Exercise prompt
Without the pictures, copy all of the data exactly.

Recorded information
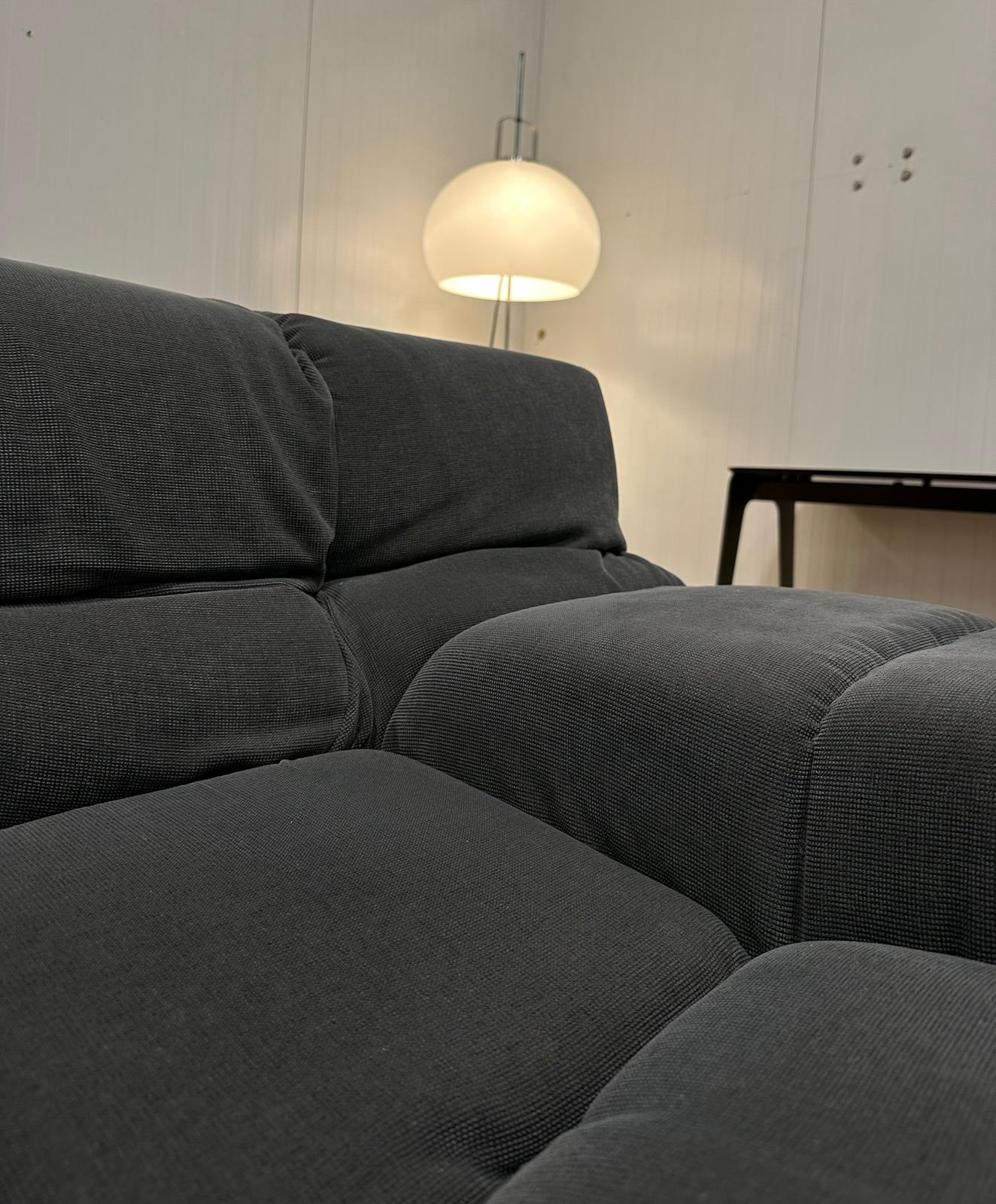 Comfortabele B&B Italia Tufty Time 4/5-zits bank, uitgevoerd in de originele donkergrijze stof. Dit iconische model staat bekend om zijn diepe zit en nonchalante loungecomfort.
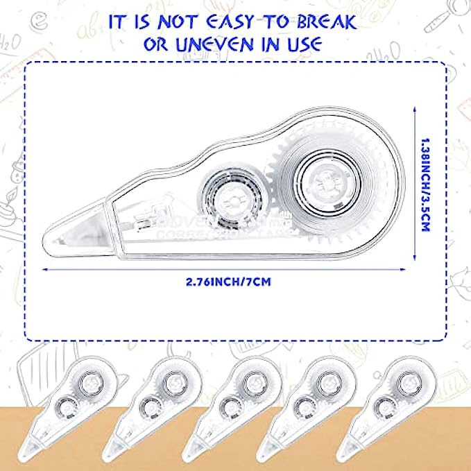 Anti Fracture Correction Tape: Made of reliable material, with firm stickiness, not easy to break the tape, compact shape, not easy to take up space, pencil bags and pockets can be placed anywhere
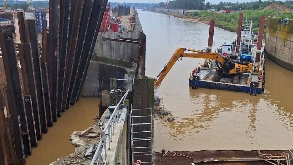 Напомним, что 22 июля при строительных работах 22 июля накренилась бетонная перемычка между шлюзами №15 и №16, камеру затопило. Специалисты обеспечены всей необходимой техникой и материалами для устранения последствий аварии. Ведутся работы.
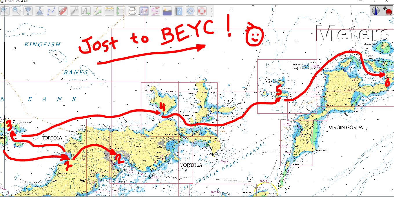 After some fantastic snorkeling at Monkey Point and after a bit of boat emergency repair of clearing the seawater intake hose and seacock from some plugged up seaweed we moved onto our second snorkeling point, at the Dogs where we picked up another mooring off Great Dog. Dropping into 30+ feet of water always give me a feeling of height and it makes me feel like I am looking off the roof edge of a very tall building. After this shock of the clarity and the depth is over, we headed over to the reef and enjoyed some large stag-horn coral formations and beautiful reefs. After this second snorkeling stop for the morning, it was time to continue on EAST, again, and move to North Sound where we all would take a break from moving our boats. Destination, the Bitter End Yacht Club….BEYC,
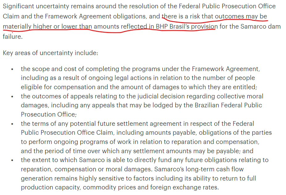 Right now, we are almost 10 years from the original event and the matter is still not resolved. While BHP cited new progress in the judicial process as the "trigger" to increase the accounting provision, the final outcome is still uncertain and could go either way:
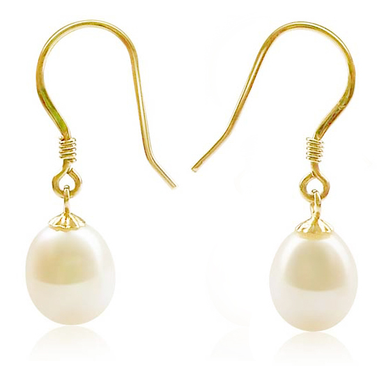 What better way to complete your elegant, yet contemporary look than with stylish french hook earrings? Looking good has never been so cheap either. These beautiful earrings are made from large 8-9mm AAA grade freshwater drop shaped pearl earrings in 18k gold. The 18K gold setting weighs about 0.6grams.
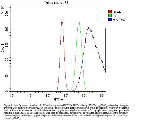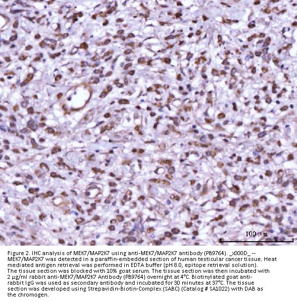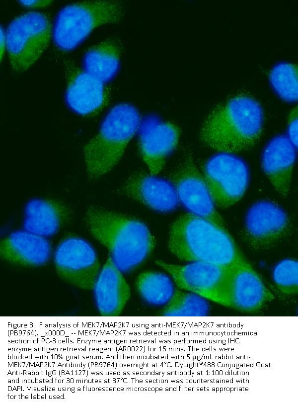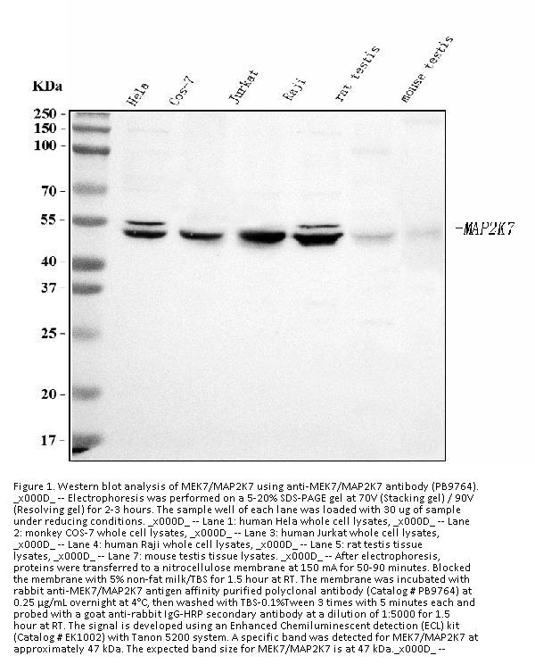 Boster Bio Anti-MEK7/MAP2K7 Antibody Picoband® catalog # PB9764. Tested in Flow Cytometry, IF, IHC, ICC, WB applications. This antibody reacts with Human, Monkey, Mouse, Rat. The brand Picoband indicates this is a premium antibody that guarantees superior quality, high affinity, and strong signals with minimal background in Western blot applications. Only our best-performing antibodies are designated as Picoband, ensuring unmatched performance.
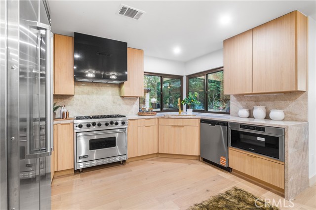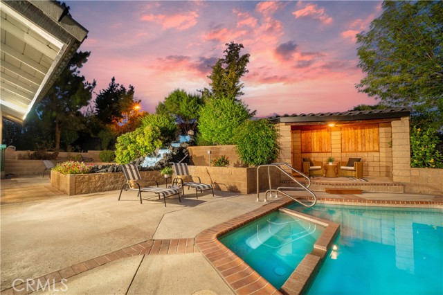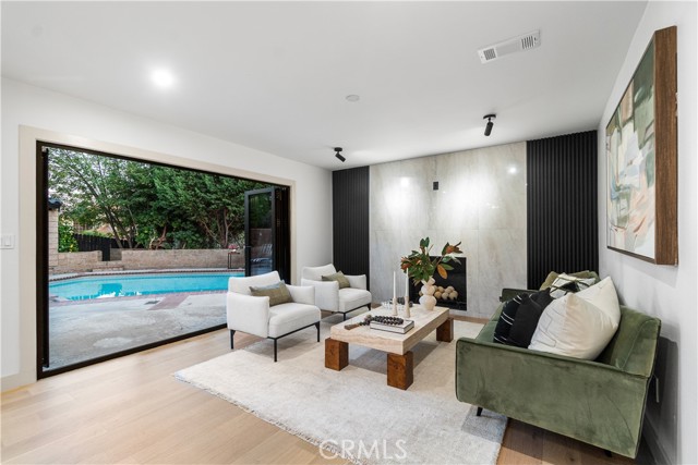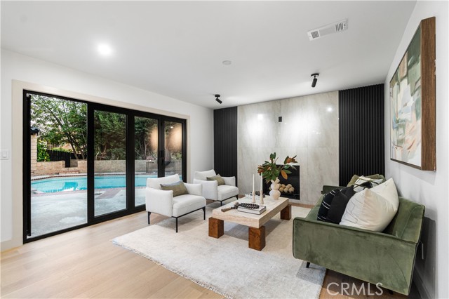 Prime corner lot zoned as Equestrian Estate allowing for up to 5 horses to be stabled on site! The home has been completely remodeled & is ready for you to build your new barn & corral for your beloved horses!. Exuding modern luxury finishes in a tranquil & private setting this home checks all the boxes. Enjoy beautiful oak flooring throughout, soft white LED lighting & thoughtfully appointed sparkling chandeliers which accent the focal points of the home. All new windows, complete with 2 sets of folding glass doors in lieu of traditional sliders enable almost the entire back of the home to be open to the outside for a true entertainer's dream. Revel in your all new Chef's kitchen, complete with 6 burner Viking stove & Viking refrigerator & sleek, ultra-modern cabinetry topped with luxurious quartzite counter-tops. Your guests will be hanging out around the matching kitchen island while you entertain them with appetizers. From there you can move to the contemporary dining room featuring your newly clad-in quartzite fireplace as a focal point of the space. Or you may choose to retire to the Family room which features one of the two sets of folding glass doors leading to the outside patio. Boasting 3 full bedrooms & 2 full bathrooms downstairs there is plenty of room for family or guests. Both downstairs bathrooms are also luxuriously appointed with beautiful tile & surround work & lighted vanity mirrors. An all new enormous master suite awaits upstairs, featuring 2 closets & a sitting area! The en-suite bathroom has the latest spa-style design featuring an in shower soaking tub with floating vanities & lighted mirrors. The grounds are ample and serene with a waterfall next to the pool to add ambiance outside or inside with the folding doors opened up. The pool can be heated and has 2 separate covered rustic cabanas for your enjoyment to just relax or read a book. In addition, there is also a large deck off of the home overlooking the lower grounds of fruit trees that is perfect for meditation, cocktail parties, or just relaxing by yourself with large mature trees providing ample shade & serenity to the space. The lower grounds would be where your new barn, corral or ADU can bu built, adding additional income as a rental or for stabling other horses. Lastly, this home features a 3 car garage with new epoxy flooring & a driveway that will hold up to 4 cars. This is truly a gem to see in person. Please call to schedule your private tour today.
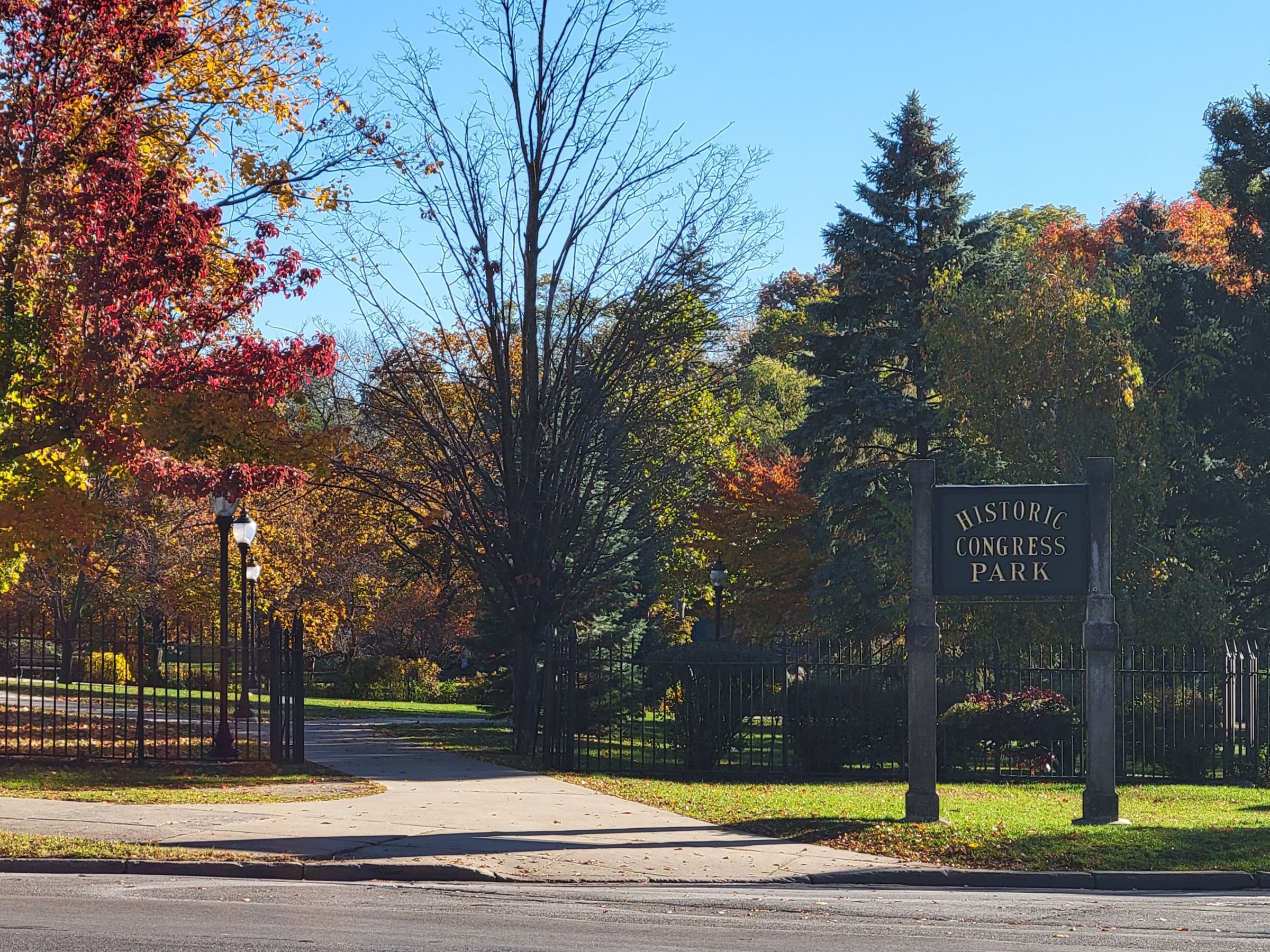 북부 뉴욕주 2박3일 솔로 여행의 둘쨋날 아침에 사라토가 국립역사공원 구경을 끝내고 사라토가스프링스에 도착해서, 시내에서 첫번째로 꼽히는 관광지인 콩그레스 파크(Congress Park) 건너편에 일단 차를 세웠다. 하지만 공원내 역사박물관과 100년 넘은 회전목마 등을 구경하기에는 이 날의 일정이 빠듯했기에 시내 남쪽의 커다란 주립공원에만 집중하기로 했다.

Answer to this exercise
 Comfortabele B&B Italia Tufty Time 4/5-zits bank, uitgevoerd in de originele donkergrijze stof. Dit iconische model staat bekend om zijn diepe zit en nonchalante loungecomfort.
 Anti Fracture Correction Tape: Made of reliable material, with firm stickiness, not easy to break the tape, compact shape, not easy to take up space, pencil bags and pockets can be placed anywhere
 Напомним, что 22 июля при строительных работах 22 июля накренилась бетонная перемычка между шлюзами №15 и №16, камеру затопило. Специалисты обеспечены всей необходимой техникой и материалами для устранения последствий аварии. Ведутся работы.
 After some fantastic snorkeling at Monkey Point and after a bit of boat emergency repair of clearing the seawater intake hose and seacock from some plugged up seaweed we moved onto our second snorkeling point, at the Dogs where we picked up another mooring off Great Dog. Dropping into 30+ feet of water always give me a feeling of height and it makes me feel like I am looking off the roof edge of a very tall building. After this shock of the clarity and the depth is over, we headed over to the reef and enjoyed some large stag-horn coral formations and beautiful reefs. After this second snorkeling stop for the morning, it was time to continue on EAST, again, and move to North Sound where we all would take a break from moving our boats. Destination, the Bitter End Yacht Club….BEYC,
 Right now, we are almost 10 years from the original event and the matter is still not resolved. While BHP cited new progress in the judicial process as the "trigger" to increase the accounting provision, the final outcome is still uncertain and could go either way:
 What better way to complete your elegant, yet contemporary look than with stylish french hook earrings? Looking good has never been so cheap either. These beautiful earrings are made from large 8-9mm AAA grade freshwater drop shaped pearl earrings in 18k gold. The 18K gold setting weighs about 0.6grams.
 Boster Bio Anti-MEK7/MAP2K7 Antibody Picoband® catalog # PB9764. Tested in Flow Cytometry, IF, IHC, ICC, WB applications. This antibody reacts with Human, Monkey, Mouse, Rat. The brand Picoband indicates this is a premium antibody that guarantees superior quality, high affinity, and strong signals with minimal background in Western blot applications. Only our best-performing antibodies are designated as Picoband, ensuring unmatched performance.
 Prime corner lot zoned as Equestrian Estate allowing for up to 5 horses to be stabled on site! The home has been completely remodeled & is ready for you to build your new barn & corral for your beloved horses!. Exuding modern luxury finishes in a tranquil & private setting this home checks all the boxes. Enjoy beautiful oak flooring throughout, soft white LED lighting & thoughtfully appointed sparkling chandeliers which accent the focal points of the home. All new windows, complete with 2 sets of folding glass doors in lieu of traditional sliders enable almost the entire back of the home to be open to the outside for a true entertainer's dream. Revel in your all new Chef's kitchen, complete with 6 burner Viking stove & Viking refrigerator & sleek, ultra-modern cabinetry topped with luxurious quartzite counter-tops. Your guests will be hanging out around the matching kitchen island while you entertain them with appetizers. From there you can move to the contemporary dining room featuring your newly clad-in quartzite fireplace as a focal point of the space. Or you may choose to retire to the Family room which features one of the two sets of folding glass doors leading to the outside patio. Boasting 3 full bedrooms & 2 full bathrooms downstairs there is plenty of room for family or guests. Both downstairs bathrooms are also luxuriously appointed with beautiful tile & surround work & lighted vanity mirrors. An all new enormous master suite awaits upstairs, featuring 2 closets & a sitting area! The en-suite bathroom has the latest spa-style design featuring an in shower soaking tub with floating vanities & lighted mirrors. The grounds are ample and serene with a waterfall next to the pool to add ambiance outside or inside with the folding doors opened up. The pool can be heated and has 2 separate covered rustic cabanas for your enjoyment to just relax or read a book. In addition, there is also a large deck off of the home overlooking the lower grounds of fruit trees that is perfect for meditation, cocktail parties, or just relaxing by yourself with large mature trees providing ample shade & serenity to the space. The lower grounds would be where your new barn, corral or ADU can bu built, adding additional income as a rental or for stabling other horses. Lastly, this home features a 3 car garage with new epoxy flooring & a driveway that will hold up to 4 cars. This is truly a gem to see in person. Please call to schedule your private tour today.
 북부 뉴욕주 2박3일 솔로 여행의 둘쨋날 아침에 사라토가 국립역사공원 구경을 끝내고 사라토가스프링스에 도착해서, 시내에서 첫번째로 꼽히는 관광지인 콩그레스 파크(Congress Park) 건너편에 일단 차를 세웠다. 하지만 공원내 역사박물관과 100년 넘은 회전목마 등을 구경하기에는 이 날의 일정이 빠듯했기에 시내 남쪽의 커다란 주립공원에만 집중하기로 했다.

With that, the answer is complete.